Things My Girlfriend and I Have Argued About – Mil Millington, 2002.

A few years ago (it may have been due to the wonderful NTK Now) I stumbled across the Things My Girlfriend and I Have Argued About website and spent at least a few hours there, laughing at the hysterical essays and enthralled by the story about the Mail on Sunday stealing Millington’s stuff. So when I heard that TMGAIHAA was being turned into a book, my ears perked up. Not just a book of essays–a novel. Hmmmm….that didn’t sound good, but I saw some positive reviews and I ordered it for the library. And it’s fantastic! It’s got the comedy of the website wrapped around a great plot–it holds together brilliantly, and in that way reminds me of Big Trouble, Dave Barry’s first novel (which was astonishingly good, way better than anyone could have expected).
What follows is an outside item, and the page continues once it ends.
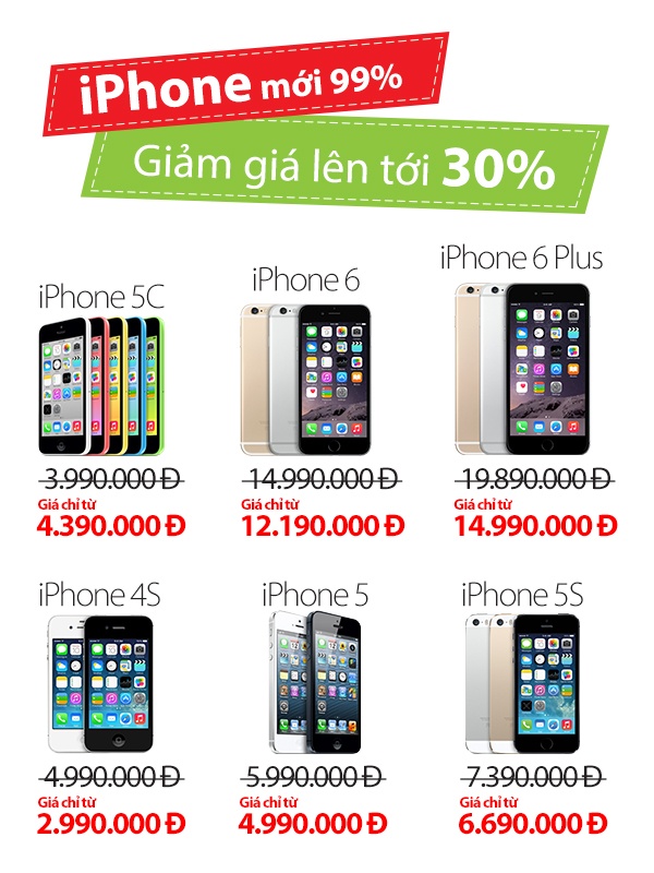 Bên cạnh iPad, iPhone like new cũng đang trong tháng giảm giá khuyến mãi lên tới 30%. Với giá tốt, chất lượng cao, không khó để khách hàng có thể lựa chọn được sản phẩm ưng ý.

Clearly the basics are the same as the (suppposed) non-fiction Millington writes for the website; Mil has become Pel, his German girlfriend Margret has become Ursula but preserved her insanely quarrelsome nature, they have two kids, and a lot of the humor revolves around Mil/Pel’s bemused reactions to the nuts surrounding him. But he also steps up to the level of satire, particularly about workplace issues and academics (Pel works in a university library’s computer center, although alas there wasn’t enough library detail for me). One of the highlights is when Pel has to lead an all-day retreat for dozens of co-workers, having completely forgotten about it until that morning.

[officious manager Bernard]: “…because we’re going on it today. Now.”

“Oh shit.”

“You do have it all organized, don’t you? I have asked a couple of times before and you’ve said…”

“No, it’s all sorted.”

“You’re sure?”

“Yes, what’s the…Oh, I see–the ‘Oh shit’ thing. Internet slang; it means ‘Oh, shit.'” Unable to repeat the words with anything but the same inflection of sagging hopelessness, I did add two thumbs-up signs as I said it this time. “You know, like ‘Let’s go.'” I did the thumbs-up signs again. Bernard nodded. I could see he wanted to find this convincing, he really wanted to. “Oh shit,” I said with thumbs one more time.

“I’ve never heard that before,” said Bernard.

“It’s a recent thing.”

The job problems and trouble he gets into with Ursula are just as nail-biting as the main plot, which involves a boss who’s disappeared (Pel has to take over his position, which is where the retreat assignment came from), Chinese gangsters, illegal construction, and missing money. Well-written, well-paced, brilliant dialogue, and laughs on every page–this is an amazing first novel.